# Acetylene setups



## AndyWilliams (May 31, 2013)

Hi all,

The guy up the street was a welder and is selling off his equipment at a garage sale. I took a couple of pics and am wondering which pieces I should consider buying. The large pieces are 20 dollars and the bits are 2 and 3 dollars. I'm looking to move from MAPP to a full-blown setup.


----------



## philddreamer (May 31, 2013)

If you're moving up to oxy/acet you'll need regularors! $20.00 for those, if they work, are a "steal"! 
Phil


----------



## kane333 (May 31, 2013)

I see one Victor Gauge that's marked $10.00. Not sure if it's the Acetylene or Oxygen gauge though. The trouble with purchasing used gauges is, no guarantee they will be accurate or even work without a rebuild. Gauges can be high dollar and so will the rebuilds. 

What manufacturers are the torch handles? One thing, none of the torch handles have Flash Arrestors. Flash Arrestors are recommended.

Tips you can get on Ebay for $5-10, free shipping. I'd offer him $70 for the box, see if he bites. The extra torch handles you don't want or need, clean up on a buffing wheel, shine em up real good and resell.

Check out prices for sold Acetylene torches on Ebay. There appears to be good items in that box. Victor, Harris, Smith, Prest-O-Lite, Turbo Torch, Uniweld, Purox, are all good torch sets with Victor and Harris being top of the line. I personally have a Victor Series 315FC w/T4E4 tip setup.


----------



## element47.5 (May 31, 2013)

Ehhhh. By the time you buy new hoses and the flash preventers, you're not saving much money over what you'd get in a brand new kit. I recognize the Victor regulator, but it's only a single stage and looks to be pretty old. I do not recognize the mfr of the handles...make sure you can get tips for that handle, if you can't, you're "hosed". The "Radnor" and "Concor" regulators....these are import brands which would work fine for you, but forgive me, this looks like a junkbox pile of old stuff. 

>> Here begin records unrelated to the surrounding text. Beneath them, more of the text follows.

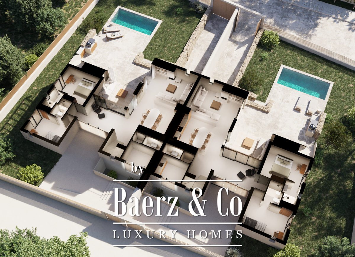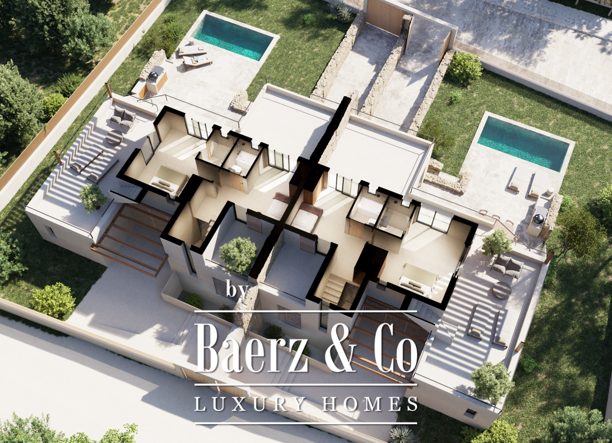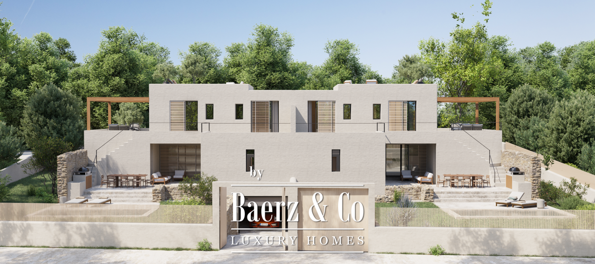 De omgevingGelegen in de rustige woonwijk van Port d’Es Torrent bieden deze woningen een moderne en luxe lifestyle aan de kust. Strandliefhebbers kunnen hier hun hart ophalen, want het dichtstbijzijnde strand ligt op slechts 400 meter afstand. Port d’Es Torrent staat bekend om zijn vredige sfeer en schilderachtige kustlijn, en is een verborgen parel aan de westkust van Ibiza. Dagelijkse voorzieningen zoals supermarkten, lokale winkels, bars en restaurants liggen op enkele minuten afstand. Naast de nabijheid van het strand zijn deze woningen ook ideaal gelegen op slechts 10 minuten rijden van enkele van de meest iconische stranden van het eiland, zoals Cala Bassa en Cala Conta, beroemd om hun kristalheldere water en adembenemende zonsondergangen. Ibiza-stad, met zijn levendige sfeer, uitgebreid aanbod aan eetgelegenheden en bruisend nachtleven, ligt op slechts 20 minuten rijden. De luchthaven is ongeveer 25 minuten rijden, waardoor u gemakkelijk toegang heeft tot de rest van het eiland en daarbuiten. Deze woningen bieden de ideale gelegenheid om de bohemian-chique Ibiza levensstijl te ervaren, gecombineerd met mediterrane luxe in een rustige buurt.De villa’sDeze twee halfvrijstaande villa’s bevinden zich op een perceel van 1.000m2 en combineren een modern design met de traditionele Balearische charme. Elke villa heeft een royaal bebouwde oppervlakte van 240m2, beschikt over 4 slaapkamers, 4 badkamers, en een high-end interieur. De architectuur vormt een harmonieuze fusie van eigentijdse elegantie en natuurlijke elementen, wat een verfijnde maar uitnodigende ambiance creëert. De open plattegrond verbindt de woon-, eet- en keukenruimtes, allemaal voorzien van grote ramen die de ruimte vullen met natuurlijk licht en uitzicht bieden op de weelderige tuin. De moderne L-vormige keuken is volledig uitgerust en voorzien van houten accenten, die warmte toevoegen aan het strakke ontwerp. De 4 en-suite slaapkamers zijn verdeeld over beide verdiepingen, met 2 en-suite slaapkamers op elke verdieping, wat zowel privacy als comfort biedt voor familie en gasten. De combinatie van eigentijdse architectuur en natuurlijke materialen creëren een warme en huiselijke sfeer, terwijl de strakke, moderne esthetiek perfect aansluit bij de ontspannen, stijlvolle Ibiza levensstijl.De buitenruimtesElke villa beschikt over een eigen zwembad, ideaal om af te koelen op warme zomerdagen, terwijl de aangelegde tuin voldoende ruimte biedt voor kinderen en huisdieren om te spelen. Na een verfrissende duik of een speels moment op het gazon kunt u genieten van een heerlijke maaltijd. De villa beschikt over een buitenkeuken met barbecue en voldoende ruimte voor een grote eettafel, perfect voor diners in de buitenlucht met familie en vrienden. Extra ontspanningsruimtes in de buitenlucht bevinden zich op de bovenverdieping. Elke slaapkamer biedt directe toegang tot een ruim terras op de eerste verdieping, met een mix van zonnige en schaduwrijke plekken. Het hoogtepunt van de buitenruimtes is het indrukwekkende dakterras met adembenemend uitzicht op zee, een ideale plek voor ochtendmeditatie of yogasessies, of om gasten te ontvangen voor borrels onder een sterrenhemel. Een automatische poort biedt toegang tot de oprit, die leidt naar een ruime privé-garage met een bijkeuken. Elke woning is volledig omheind, wat zorgt voor uw privacy en gemoedsrust. Deze opmerkelijke villa’s bieden de ultieme luxe voor een gezinswoning of een vakantie retreat dicht bij het strand in een van de meest gewilde gebieden van het eiland.
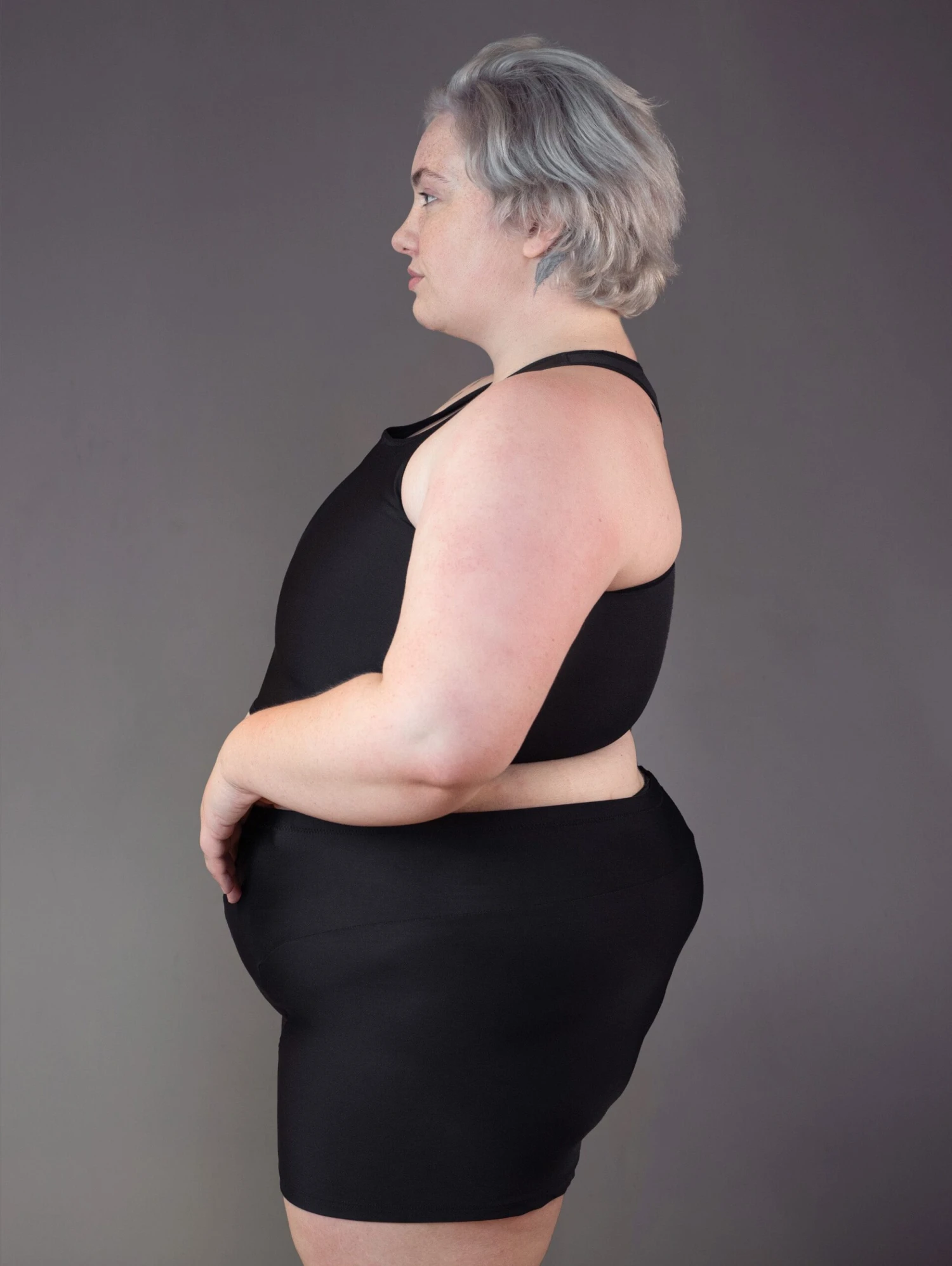 The Tank Swim Binder offers compression of the chest and has a racerback cut on the back. This allows the shoulder blades to move freely. This binder can be worn for any kind of swimming activity. The combination of the mesh fabric and the compression stretch front panel, makes that the binder dries quickly and will not be transparent when wet. The mesh material is designed to withstand sunshine and salt and chlorine water. The 4-way stretch fabric moves with the body. Consequently, the lungs and ribs remain unobstructed, enabling freedom of movement. The Tank Swim Binder has a short fit making it great for a day at the pool or beach, but can also be used in the gym.
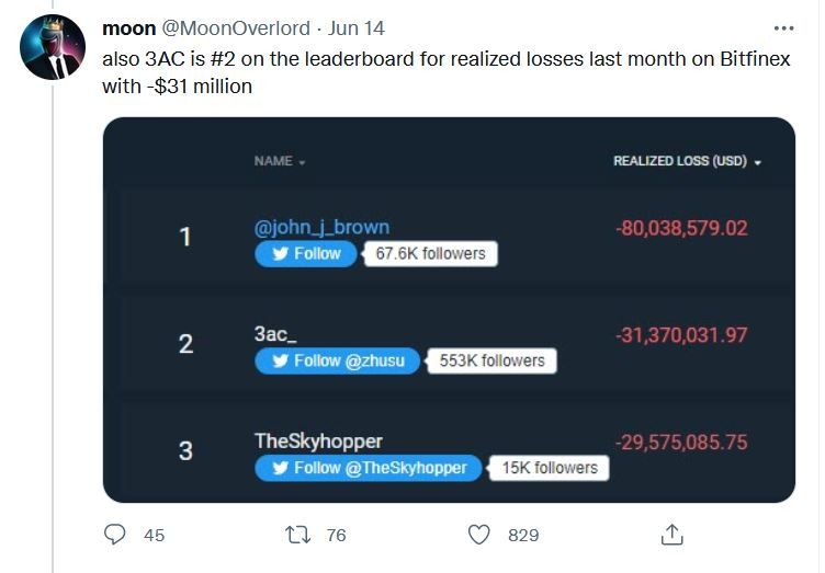 What’s more, 3AC suffered catastrophic losses in the past month. 3AC got rekt hard after the Terra Luna crash, with over $559.6 million locked up in the currency that is now worth only around $640.75. 3AC also wound up at number two on the leaderboard of total realized losses, counting upwards of $31 million.
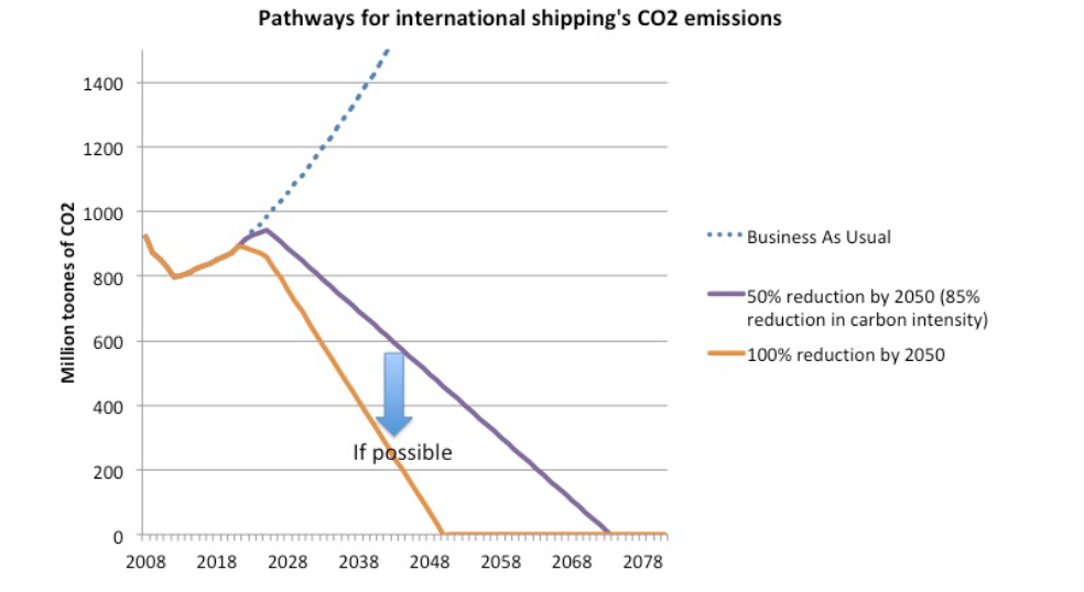 This means at least 50% reduction in GHGs by 2050 from a 2008 baseline. Under a 2oC pathway, 50% means shipping’s share of net CO2 emissions is likely to grow from current 2.3% share to around 10% by mid-century. This is a significant reduction relative to the growth under a business as usual scenario.
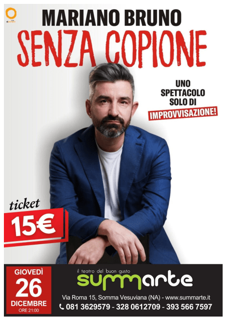 Il 26 dicembre 2024, il palco del Teatro Summarte accoglierà il grande Mariano Bruno con lo spettacolo “Senza Copione”. Il celebre comico di Made in Sud si lancerà in una serata di pura improvvisazione, offrendo al pubblico un’esperienza di comicità unica e irripetibile.
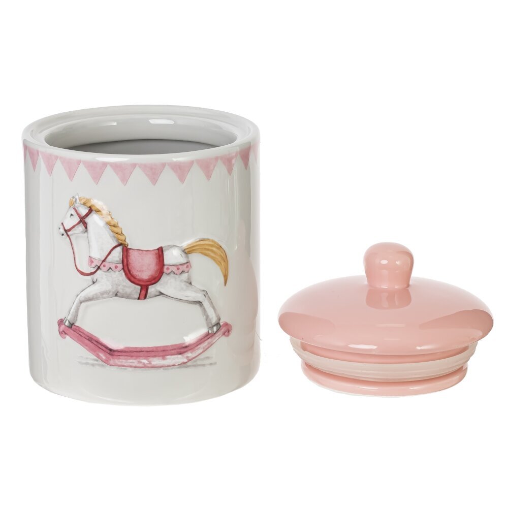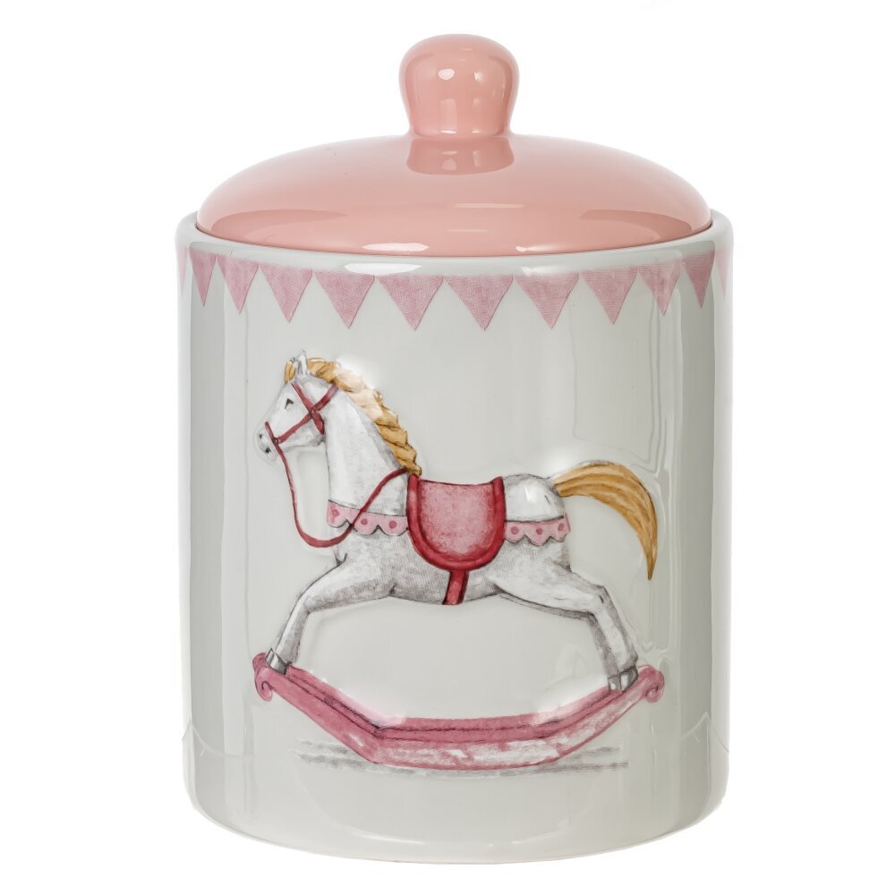 Керамическая ёмкость для сыпучих продуктов с изображением лошадки-качалки — это не только функциональный, но и декоративный элемент кухни. Изготовленная из прочной керамики, она идеально подойдёт для хранения сахара, соли, круп, чая, кофе или других продуктов. Очаровательный рисунок в виде лошадки-качалки придаёт изделию винтажный шарм и создаёт атмосферу уюта. Плотно прилегающая крышка помогает сохранять свежесть и аромат содержимого, защищая от влаги и посторонних запахов. Такая ёмкость станет стильным дополнением интерьера кухни или прекрасным подарком для ценителей красивой посуды. Подходит как для повседневного использования, так и для оформления тематических фотозон, сервировки или подарочных наборов.
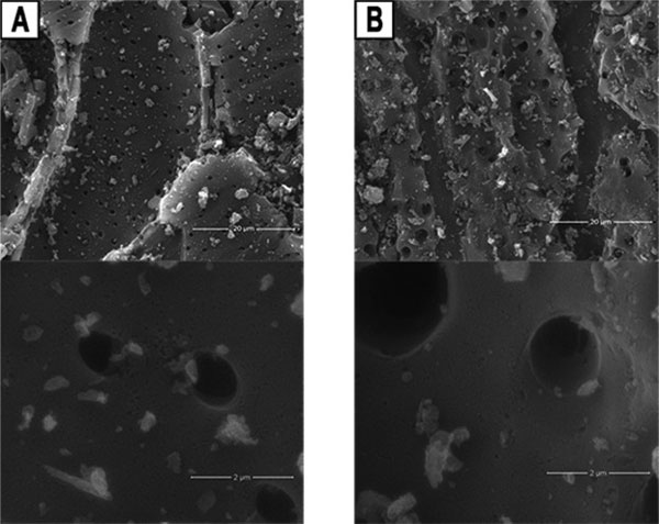 圖2:SEM顯微照片(A)酸洗活性炭(B)活性炭。
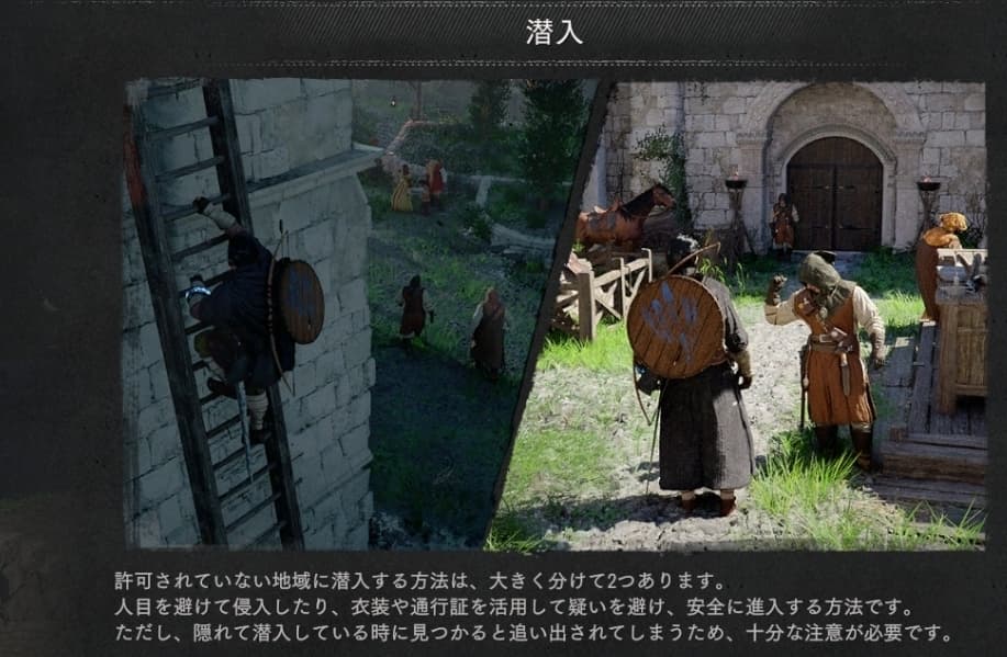潜入する方法もありますが、今回は通行証と衣装の2種類の入り方について紹介していきます。

I strongly believe you would be better off buying a used rig in good condition from someone who also has the tanks and getting something in better shape, and maybe you get a cart to move them around in or otherwise assist in keeping them upright which is VERY important. Know that you're still going to have to buy the gas botttles, yes? Those are either ownership items or rentals...but my point is 1: There is utterly no shortage of this stuff used, and plenty of it is in MUCH better condition. 2: This gear does not appear to be in good condition except for the new swap-in import regulators. This is a clue...he swapped in newer regs...the old ones must be shot....so in what condition are the torch handles? 3: What is there looks really, really used. There may be safety issues with how much that stuff has been used. Where are the hoses? You can tell a lot about the general condition of the rig by looking at the condition of the hoses. 4: You are better off buying a "whole kit" with ALL the pieces (you are still going to have to buy propane tips, no doubt, but those are cheap) instead of all the individual doodads piece by piece...and under those circumstances, maybe you get a better deal, on better-shape gear, with tanks (big expense) and cart, and you don't have to go buy "fill in" pieces at new retail which kills whatever deal you think ar getting a la carte on the bits and pieces. And you avoid the issue of mishmosh of brands, have to go here for a reg repair, have to go there for a new tip. 

I would avoid that pile


----------



## Geo (Jun 1, 2013)

my torch looks worse.regulators,hose and torch (and of coarse gas) is all that makes the rig.the fuel regulator will have a male nut and the oxygen will have a female nut.a cutting torch will work to melt in a dish and pretty handy turning big things into little things.i use a victor rig and cutting tip. back-flow preventer is a good safety measure but the torch can still be used without them. it looks like the big torch in the middle already has them installed.


----------



## rusty (Jun 1, 2013)

Offer $50.00 take the lot, inbeween the torches looks like a small rose bud for the cutting torch.

I purchased my Harris 45 years ago and just recently had a tune up done on it.


----------



## butcher (Jun 1, 2013)

I would buy the lot for $50.00, I see a lot of useful tools there.


----------



## AndyWilliams (Jun 1, 2013)

Thanks for all the input, I think I'll go up and see where he's at on price. If he's unwilling, I'll check again tomorrow when his garage sale is ending, I figure he'll be in a mood to sell at that point.


----------